Directions —
Your copy should hold every record verbatim and none of the pictures.

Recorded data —
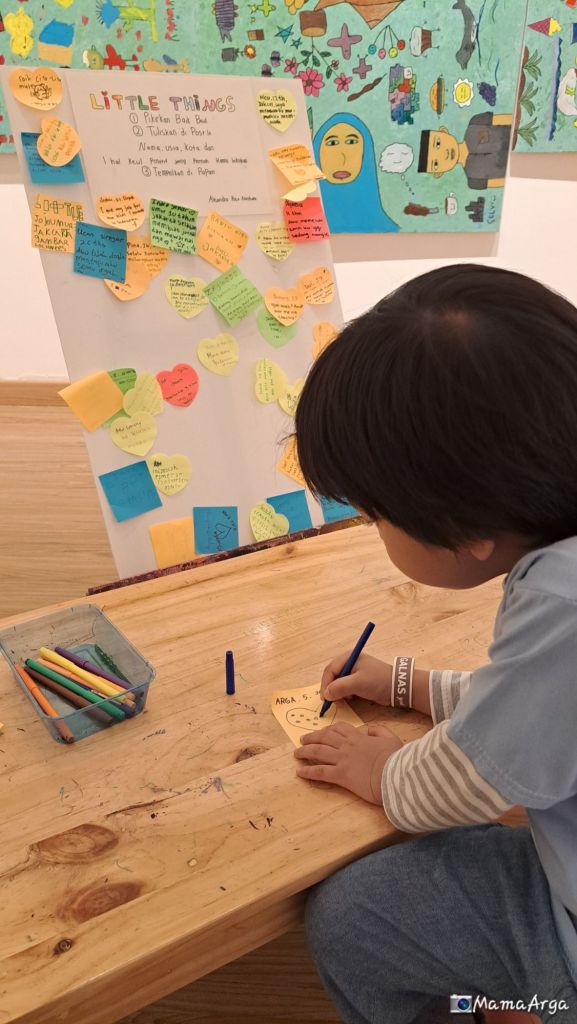 Arga menulis dan menggambar di post-it untuk ditempel di pameran Kids Bienalle 2025
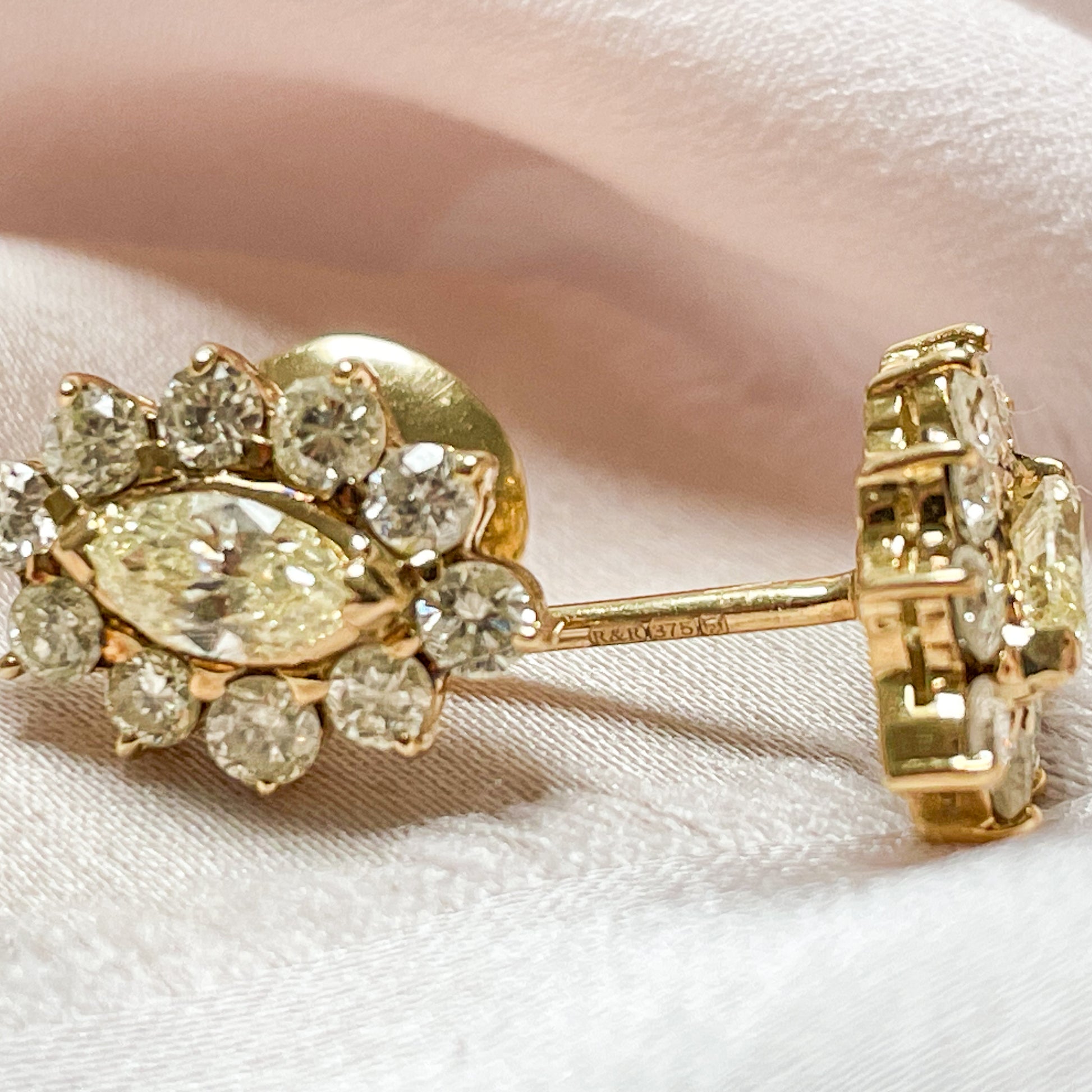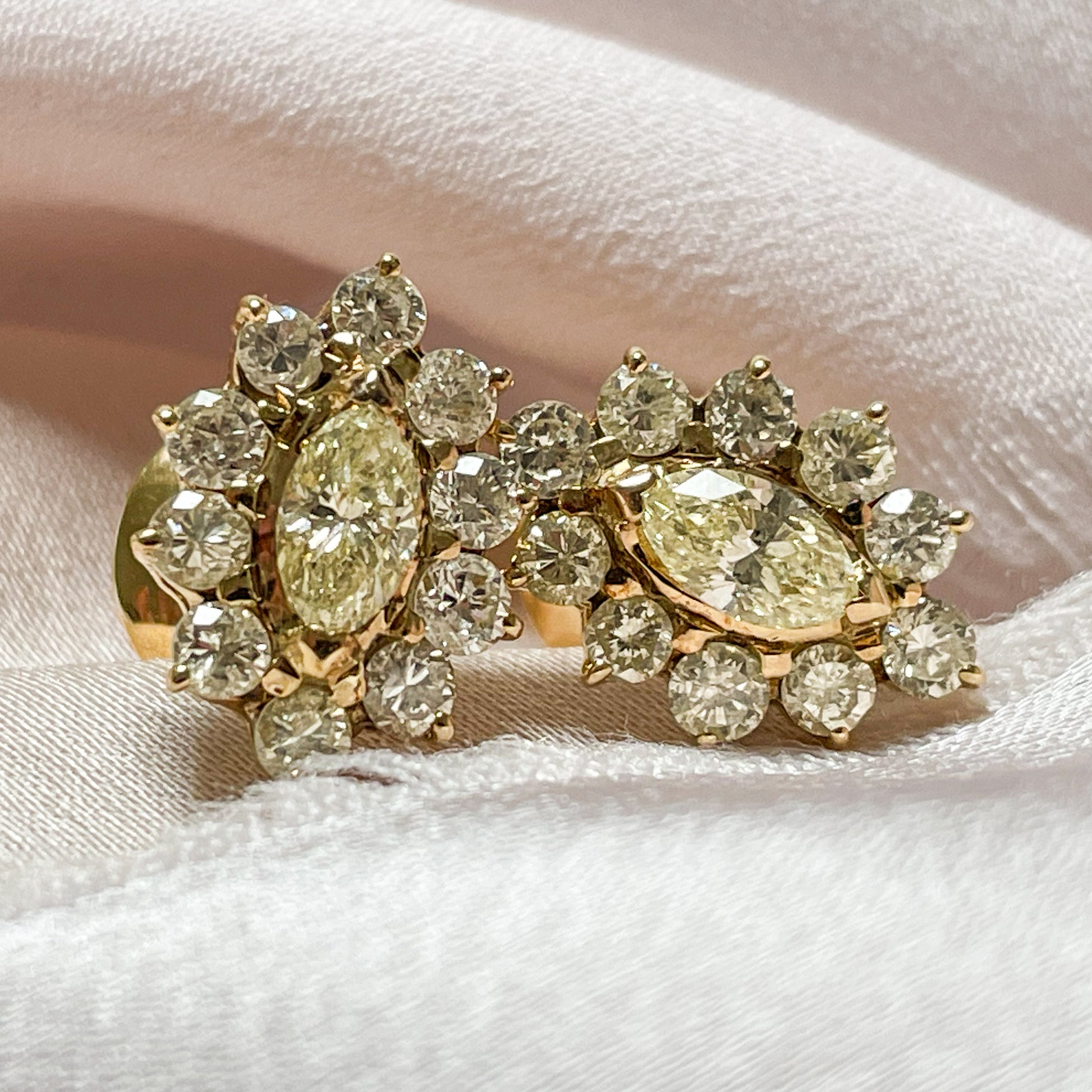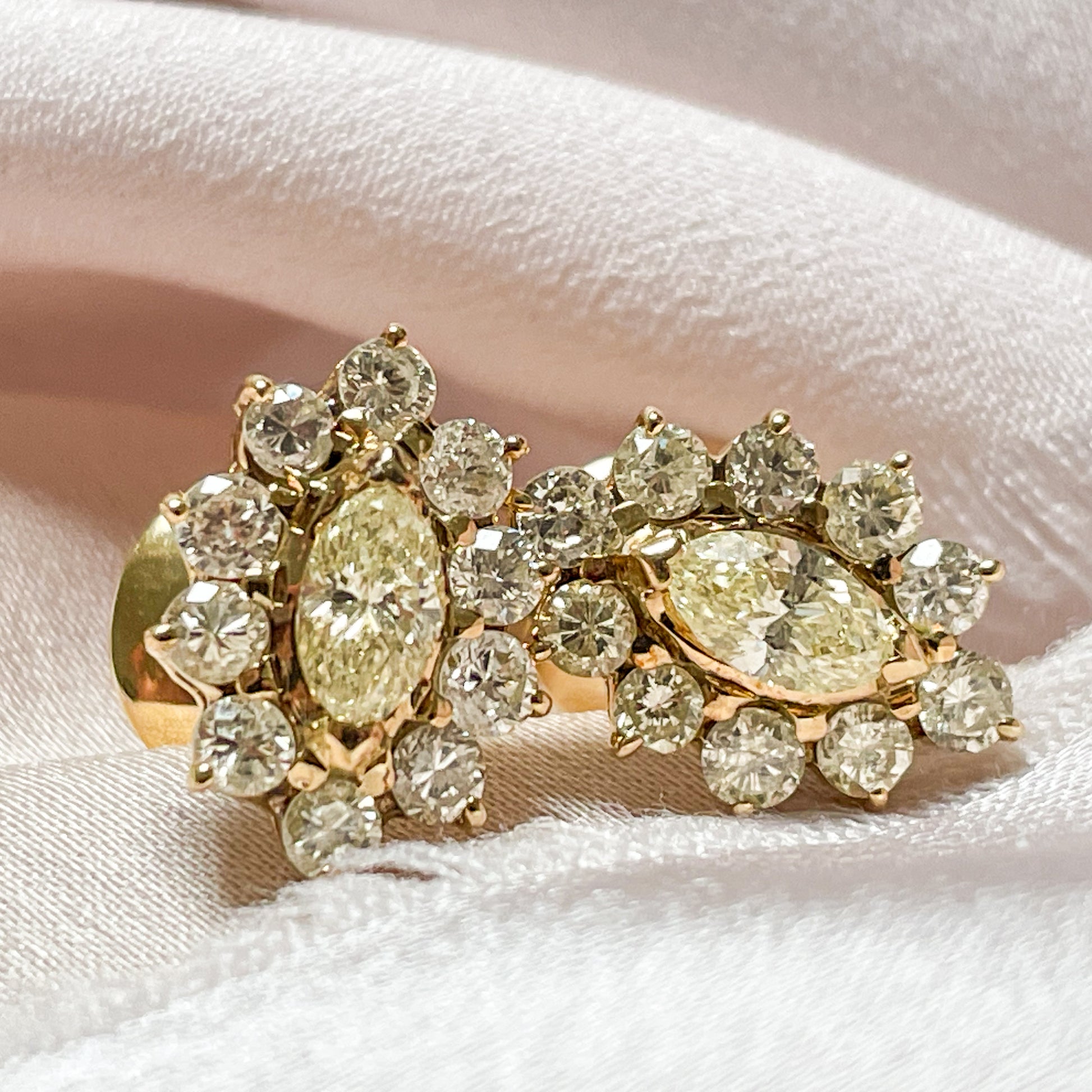 Each earring feels like a memento from a grander time. The marquise centre stones, with their elegant, elongated silhouette, lend a regal air, while the halo of brilliant rounds creates a soft, radiant shimmer, like starlight dancing on silk.
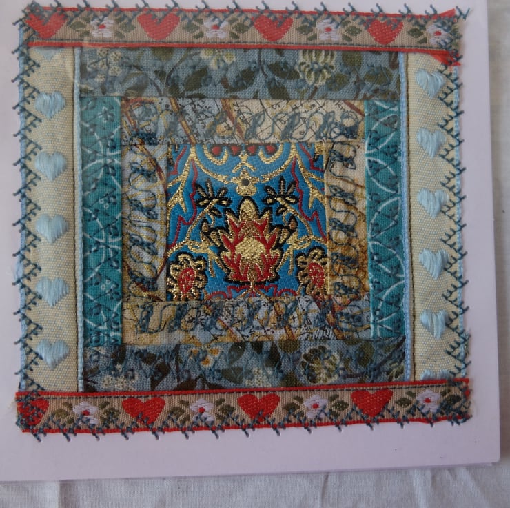 I am using up a range of unused quilt blocks, unfinished embroideries and various bits of ribbon and fabric to make a range of greetings cards.
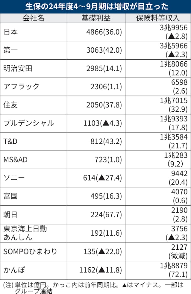 主な生命保険会社の2024年4〜9月期決算が25日、出そろった。本業のもうけを示す基礎利益は14社・グループの合計で前年同期比18%増の2兆730億円だった。円安で外貨建て資産の利息や配当金が膨らんだ。堅調な決算だったが、トランプ次期米大統領の就任など市場を取り巻く不透明な環境を踏まえて先行きには慎重なコメントが目立った。
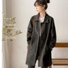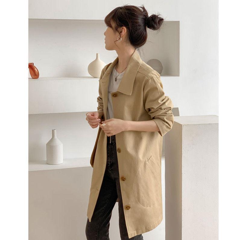 [Con lino] Abrigo cortavientos de mujer de longitud media sencillo de principios de otoño, abrigo holgado de estilo coreano para mujer, abrigo versátil de color sólido para estudiantes.
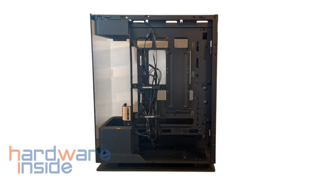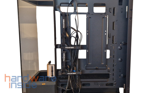 Eine große Tür auf der rechten Seite, die sich einfach öffnen und auch entnehmen lässt, soll die dortigen Kabel verbergen. Durch die vier seitens Phanteks angebrachten Klettbänder sowie die zahlreichen Ösen für das evtl. Anbringen von Kabelbindern (im Lieferumfang enthalten) ist das Verlegen von Kabeln ein Kinderspiel und sorgt so für ein sauberes und stimmiges Gesamtbild.
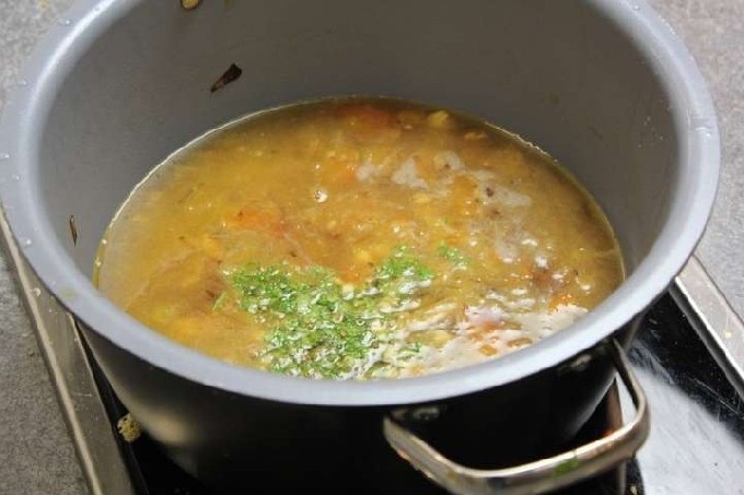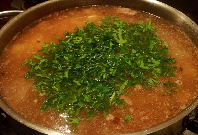 - Hak de gewassen en gedroogde kruiden fijn, voeg ze toe aan de soep en laat 2 minuten sudderen. Soep, na het koken, is het belangrijk om 15 minuten onder een gesloten deksel te staan om een rijke smaak te krijgen.

Exercise output —
 Arga menulis dan menggambar di post-it untuk ditempel di pameran Kids Bienalle 2025
 Each earring feels like a memento from a grander time. The marquise centre stones, with their elegant, elongated silhouette, lend a regal air, while the halo of brilliant rounds creates a soft, radiant shimmer, like starlight dancing on silk.
 I am using up a range of unused quilt blocks, unfinished embroideries and various bits of ribbon and fabric to make a range of greetings cards.
 主な生命保険会社の2024年4〜9月期決算が25日、出そろった。本業のもうけを示す基礎利益は14社・グループの合計で前年同期比18%増の2兆730億円だった。円安で外貨建て資産の利息や配当金が膨らんだ。堅調な決算だったが、トランプ次期米大統領の就任など市場を取り巻く不透明な環境を踏まえて先行きには慎重なコメントが目立った。
 [Con lino] Abrigo cortavientos de mujer de longitud media sencillo de principios de otoño, abrigo holgado de estilo coreano para mujer, abrigo versátil de color sólido para estudiantes.
 Eine große Tür auf der rechten Seite, die sich einfach öffnen und auch entnehmen lässt, soll die dortigen Kabel verbergen. Durch die vier seitens Phanteks angebrachten Klettbänder sowie die zahlreichen Ösen für das evtl. Anbringen von Kabelbindern (im Lieferumfang enthalten) ist das Verlegen von Kabeln ein Kinderspiel und sorgt so für ein sauberes und stimmiges Gesamtbild.
 - Hak de gewassen en gedroogde kruiden fijn, voeg ze toe aan de soep en laat 2 minuten sudderen. Soep, na het koken, is het belangrijk om 15 minuten onder een gesloten deksel te staan om een rijke smaak te krijgen.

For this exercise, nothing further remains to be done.